------ RECORDS FOR PROCESSING ------

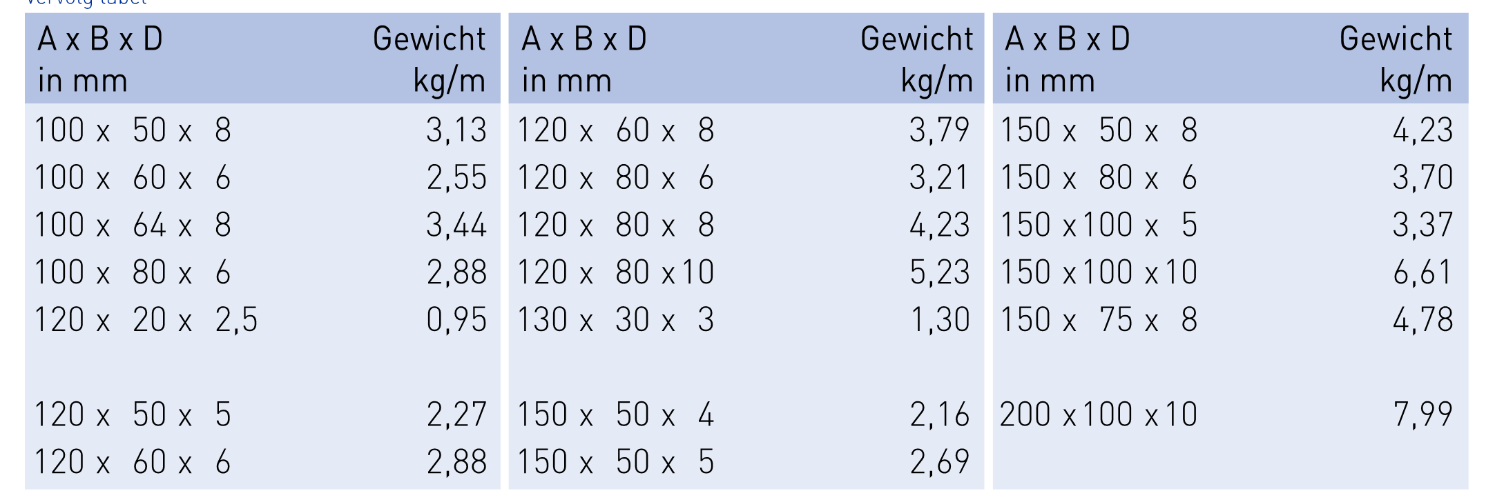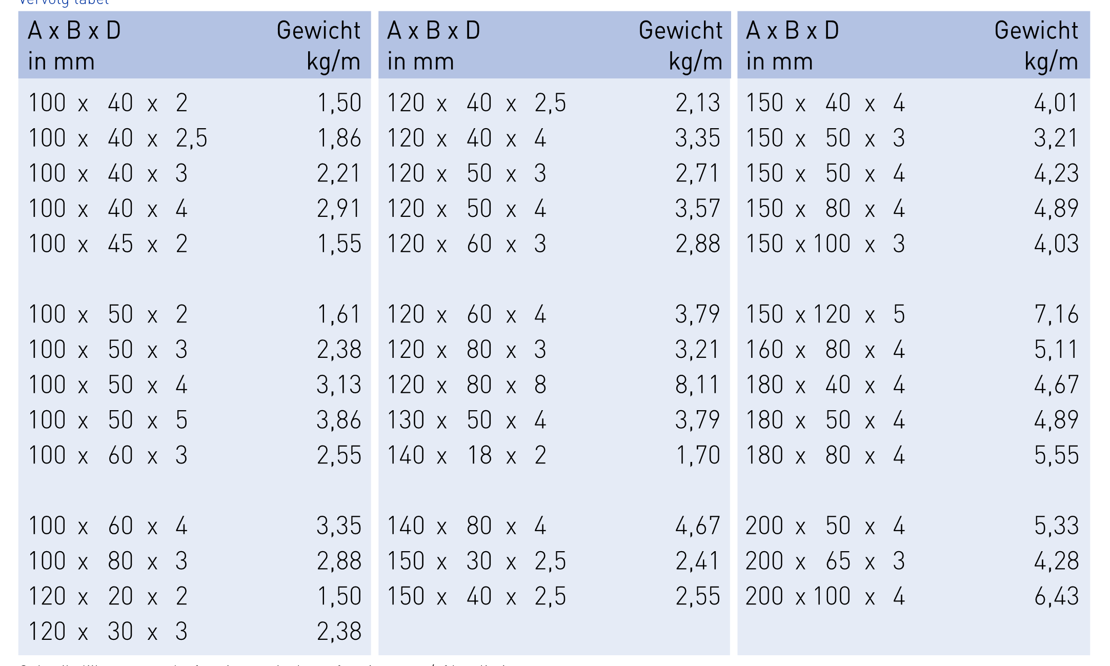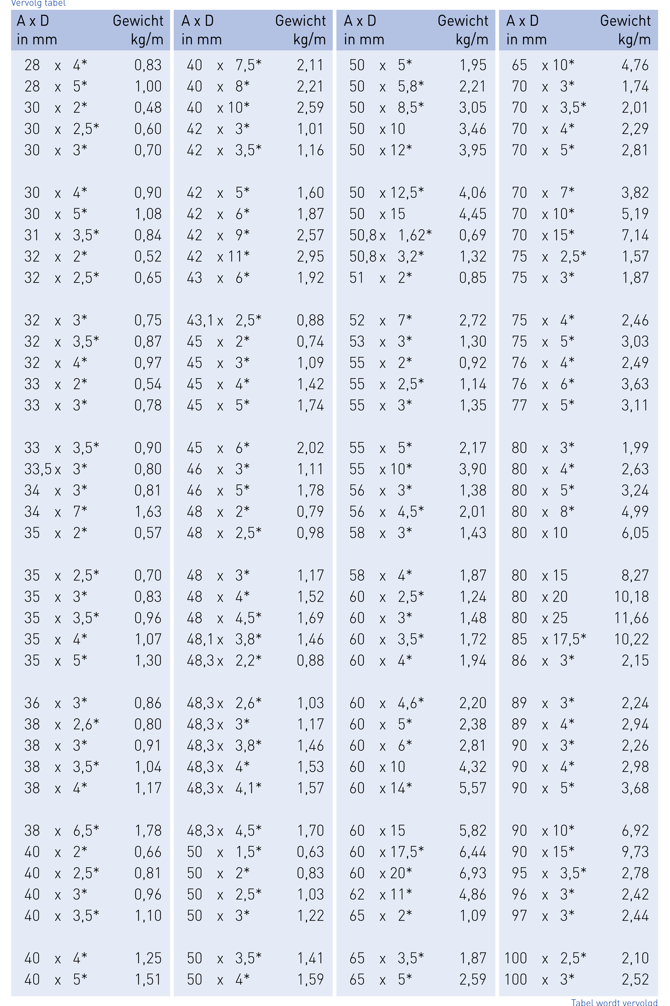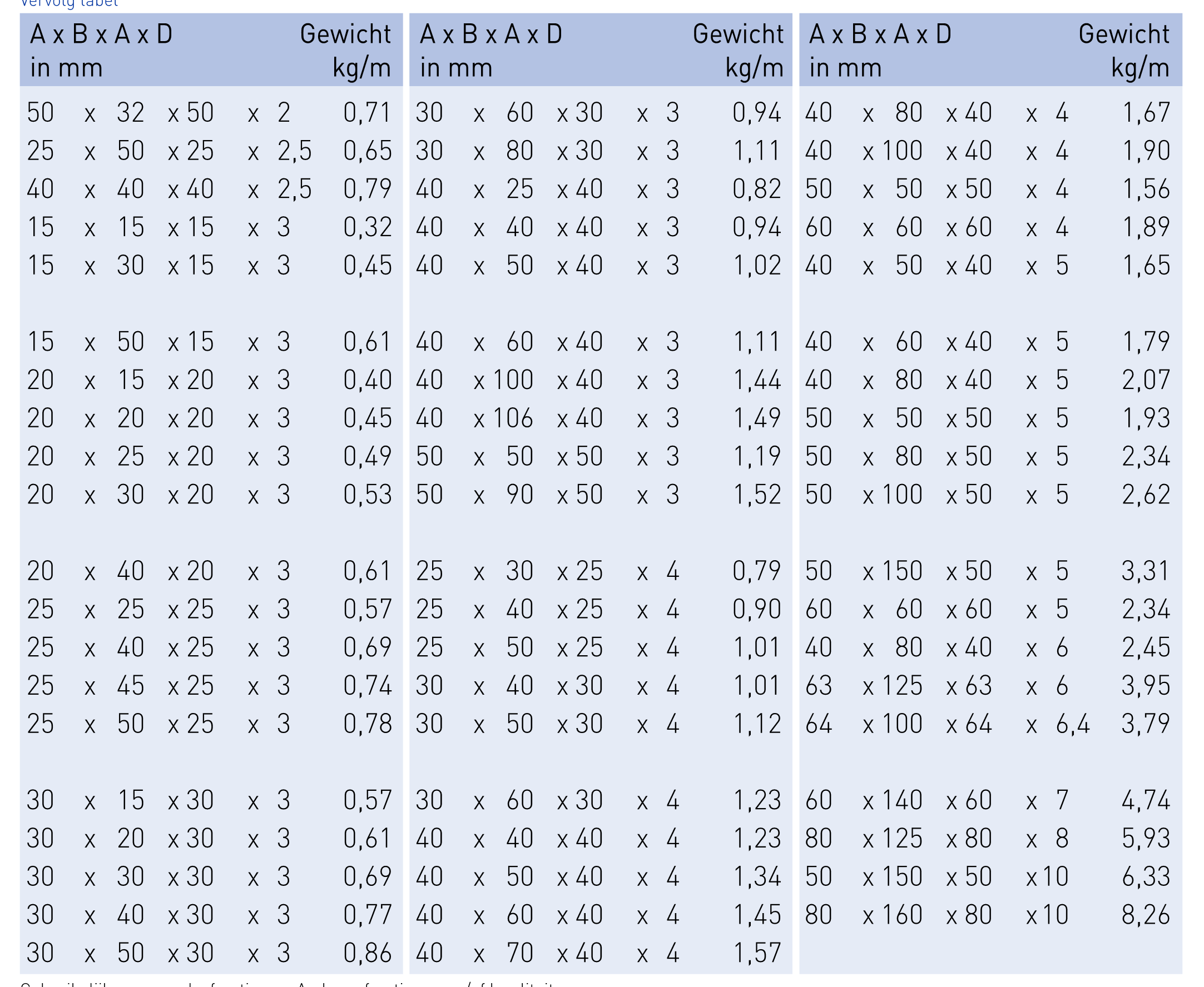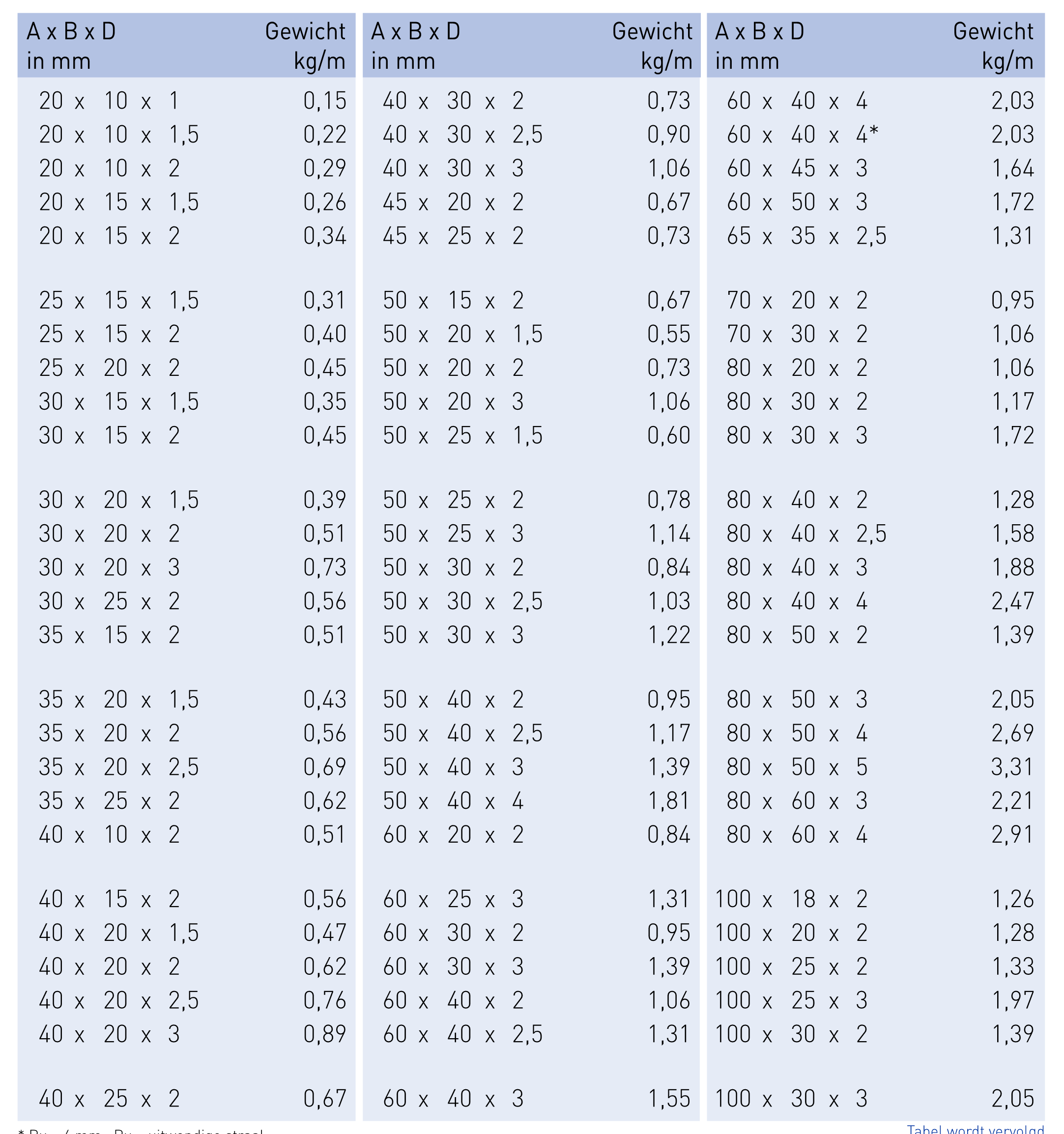 Gebruikelijke voorraadsafmetingen. Andere afmetingen en/of kwaliteiten op aanvraag. * ri = 1 mm / ru = 3 mm ** ri = 0,5 mm / ru = 2 mm *** ru = 3 mm ri = inwendige straal / ru = uitwendige straal
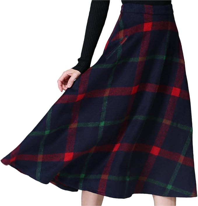 Ashanlan Damen Wollrock Winterrock Kariert Rock A Linie Lang Faltenrock Glockenrock Tellerrock Mit Hohe Taille Winterrock Tellerrock Winter Rock
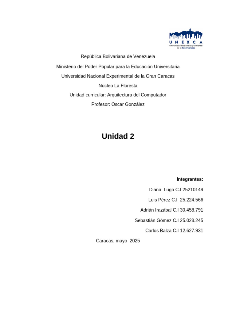 Unidad curricular: Arquitectura del Computador
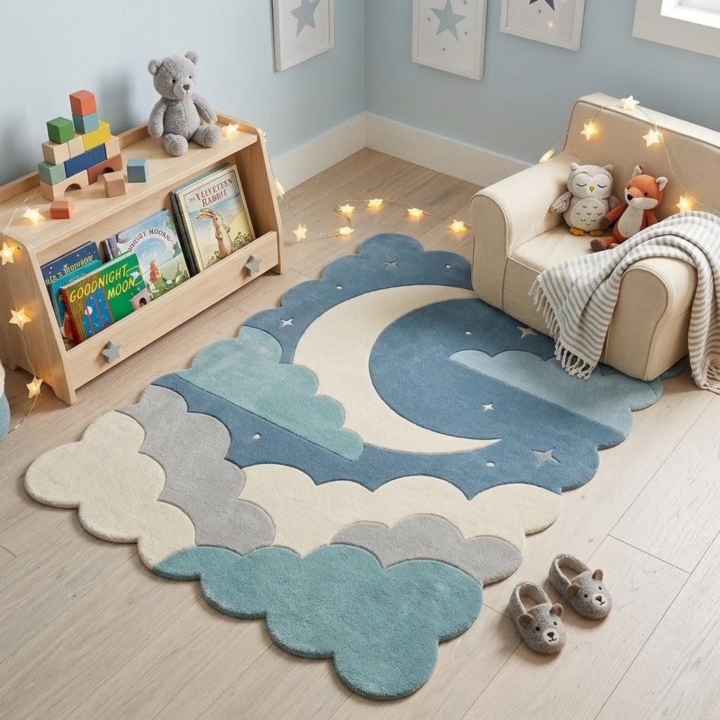 Moon Cloud Rug Blue Nursery Rug Hand Tufted Wool Area Rug Kids Room Decor Modern Scandinavian Soft Carpet Custom Size Available
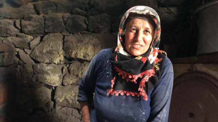 Yün çırpan, çeçil peyniri yapan Yurdagül Demirel, akrabalarıyla birlikte semaver çayı yaparak yorgunluğunu atmaya çalıştı.
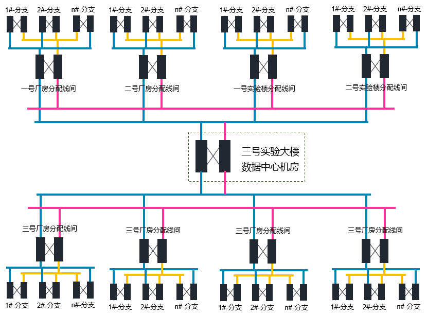 1、數(shù)據(jù)中心機(jī)房至匯聚中心至各樓棟分支機(jī)柜采用大對數(shù)電纜

------

◆ WHAT YOU NEED TO DO: Each line from the top of the records through the one containing "Unidad curricular: Arquitectura" needs to be transcribed exactly, without pictures.

◆ YOUR RESPONSE:
 Gebruikelijke voorraadsafmetingen. Andere afmetingen en/of kwaliteiten op aanvraag. * ri = 1 mm / ru = 3 mm ** ri = 0,5 mm / ru = 2 mm *** ru = 3 mm ri = inwendige straal / ru = uitwendige straal
 Ashanlan Damen Wollrock Winterrock Kariert Rock A Linie Lang Faltenrock Glockenrock Tellerrock Mit Hohe Taille Winterrock Tellerrock Winter Rock
 Unidad curricular: Arquitectura del Computador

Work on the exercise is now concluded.